09/12/2020 15:55:56 after tie_client
09/12/2020 15:55:56 Get reputation in database
09/12/2020 15:55:56 Get has_definitive_reputation
09/12/2020 15:55:56 Finished has_definitive_reputation
09/12/2020 15:55:56 before tie_client
Event Sent : sha256 : f7e1a74e08c5718de9edc57facc26dda97ae5b723420a06ef56f1f6f8aa6fb5a
2020-12-09 15:55:56,974 root - INFO - Event Sent : sha256 : f7e1a74e08c5718de9edc57facc26dda97ae5b723420a06ef56f1f6f8aa6fb5a
09/12/2020 15:55:56 after tie_client

We do have a filter on mediatype, only with file that can be 'malware' image image

hbazan commented 3 years ago

TIE and GTI are mostly focused on PE, executable files (.exe, .dll, .sys, .scr, and others). GTI can also have reputations for PDF and APK too. But not for scripts, so python, javascript, MS batch, those will not have a reputation. Remember this reputations identify files by its hashes, a script or a .doc will have a totally different hash by just changing a single character, so the analysis needs to be based on its behavior. You can analyze your dataset on ePO -> Queries and reports -> New -> TIE Schema as source -> PIE Chart -> Select "Type" as the slice column This chart will surely show a lot of files under Unrecognized file type. This means there is no actual metadata for the file, just a reputation request, and it is for sure the only request for this particular file. You can, on the same Server Task for Data Management, stablish different retention periods for different file types, assigning something like 7 days for Unrecognized, to make sure those files don't make your DB grow unnecessarily.

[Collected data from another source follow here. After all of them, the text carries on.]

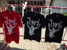 Shirts on sale at the protest site in Bangkok say 'prai', which refers to the low and uncouth 'commoners'. Credit: Johanna Son/IPS
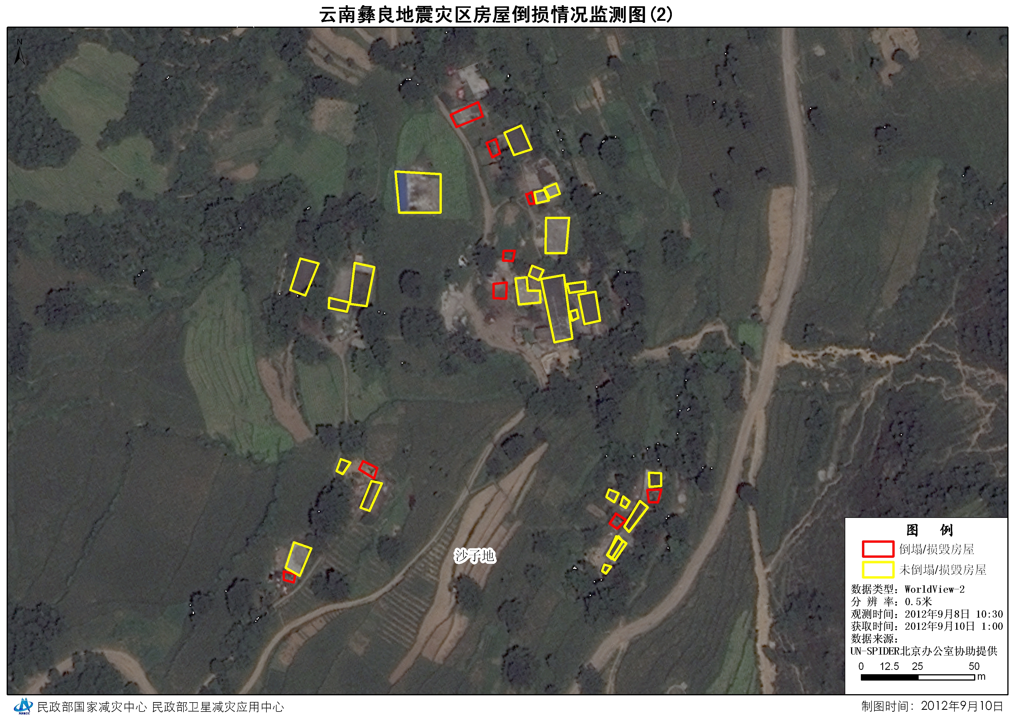 Upon request from the National Disaster Reduction Centre of China (NDRCC), UNOOSA/UN-SPIDER immediately placed a request to the National Remote Sensing Centre (NRSC) of Indian Space Research Organisation (ISRO) and DigitalGlobe to task high resolution satellite imagery collection of the earthquake-hit area. The prompt action of UN-SPIDER helped ISRO and DigitalGlobe to plan tasking on the same day (7th September 2012) and collect the images on the following day, 8th September 2012.
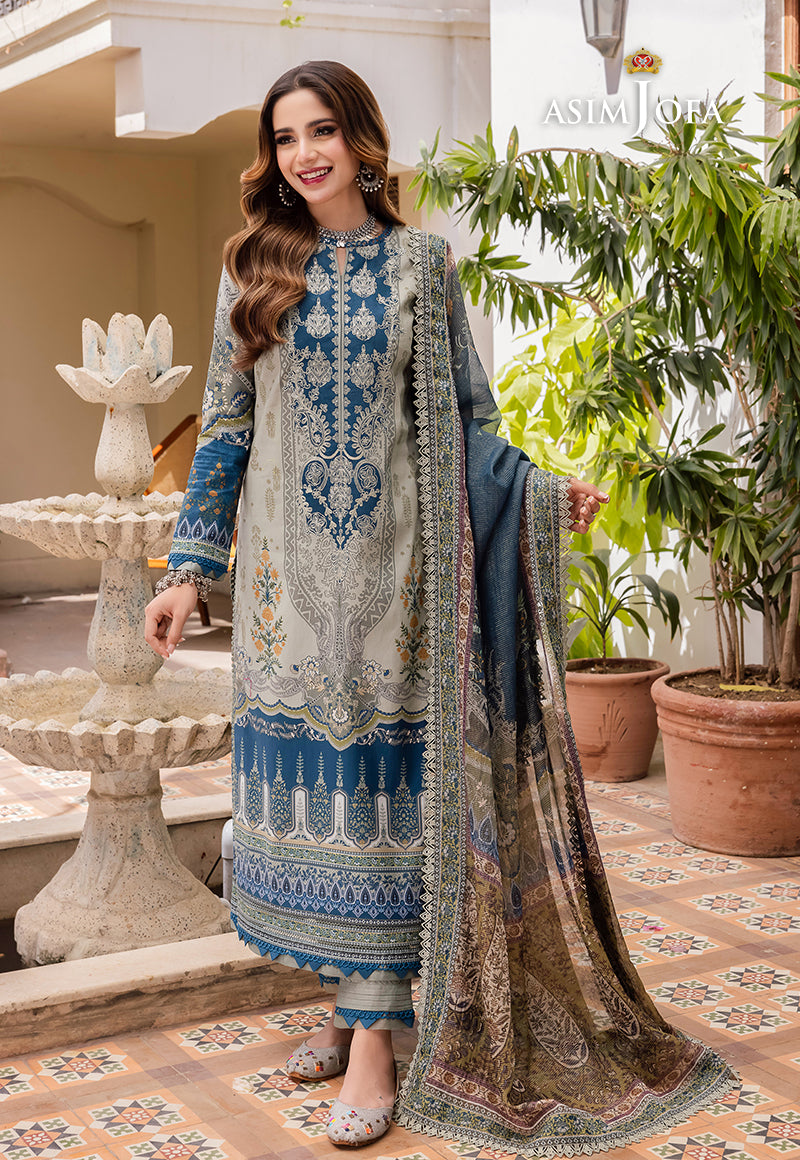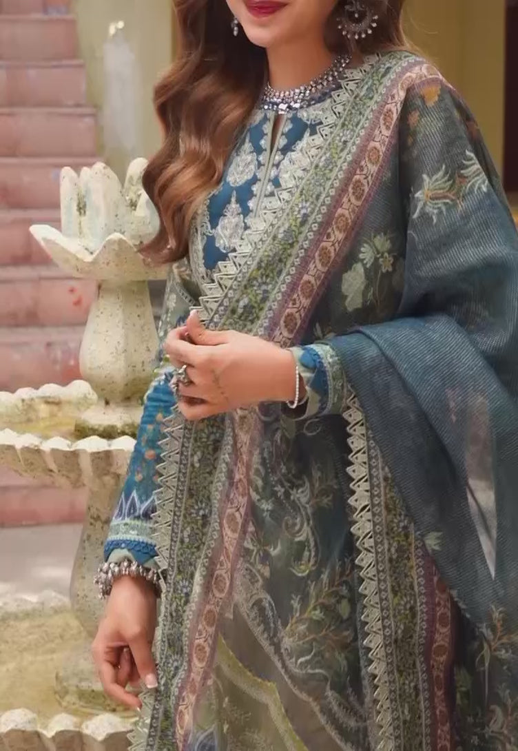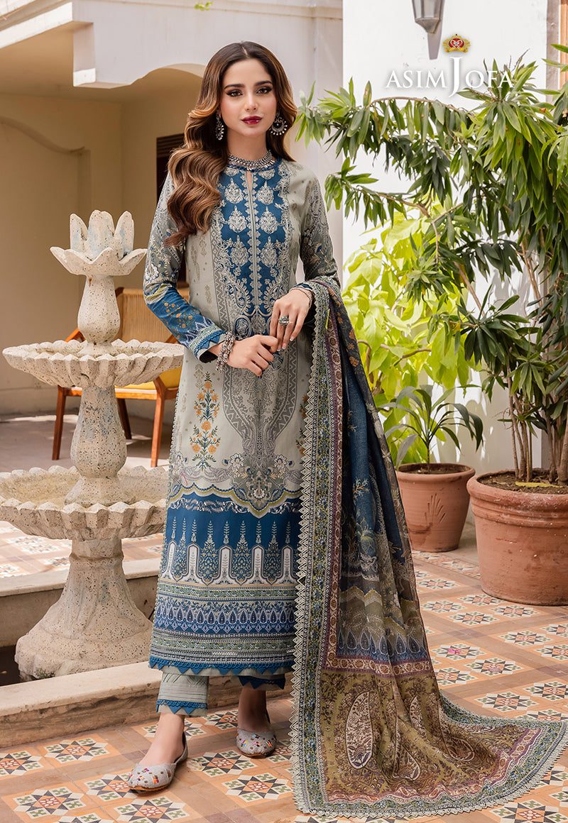 Emanate regal charm in our harbor gray ensemble adorned with captivating Mughal motifs. The embroidered neckline perfectly complements the intricate print of this ensemble, and the addition of a stunning zari-lined dupatta adds to its majestic allure.
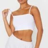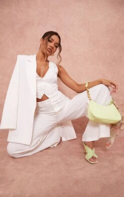 This season the corset is on-trend. Featuring a white woven material with a belted design, button front detail and a plunging neckline, we’re obsessed. Team this with matching hue bottoms and heeled mules for a dinner date with the dolls.
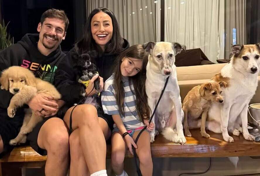 Nicolas Prattes, de 28 anos, é apaixonado por pets. Tanto que tem cinco cachorros no apartamento onde mora em São Paulo com a esposa, a apresentadora Sabrina Sato, de 45, e a enteada, Zoe, de 7. “Temos cinco cachorros em um apartamento. Já virou uma matilha. A gente só mora lá, a gente paga aluguel para eles”, conta o ator, aos risos. “Eu já tinha dois, a gente adotou mais dois juntos, e ela tinha uma, que era a Coquinho, uma chihuahua. Aí a gente adotou a Belinha, que era uma vira-lata, e agora o Maui, que é um golden retriever”, explica.

jmcgBYCN commented 3 years ago

image

Since our External Reputation provider does not send informations of the files, those reputation is classed has "Unrecognized".

hbazan commented 3 years ago

There you go. There are several file types that will never be asked by ENS, it will only ask about executables. Picture, Text, Hypertext, those file types could have a lower retention period, something like 15 days. One comment about Data Management: it will only delete files for which TIE didn't get a request for longer than the retention period. And it will not delete files which have an Enterprise Reputation, no matter the retention period.

jmcgBYCN commented 3 years ago

Picture, Text, Hypertext, files is not included anymore it was on for a week on MWG 8 months ago and has been changed.

Since the threshold was 15GB I suspect those files had never been cleaned. Tomorrow the chart will not be the same (I hope).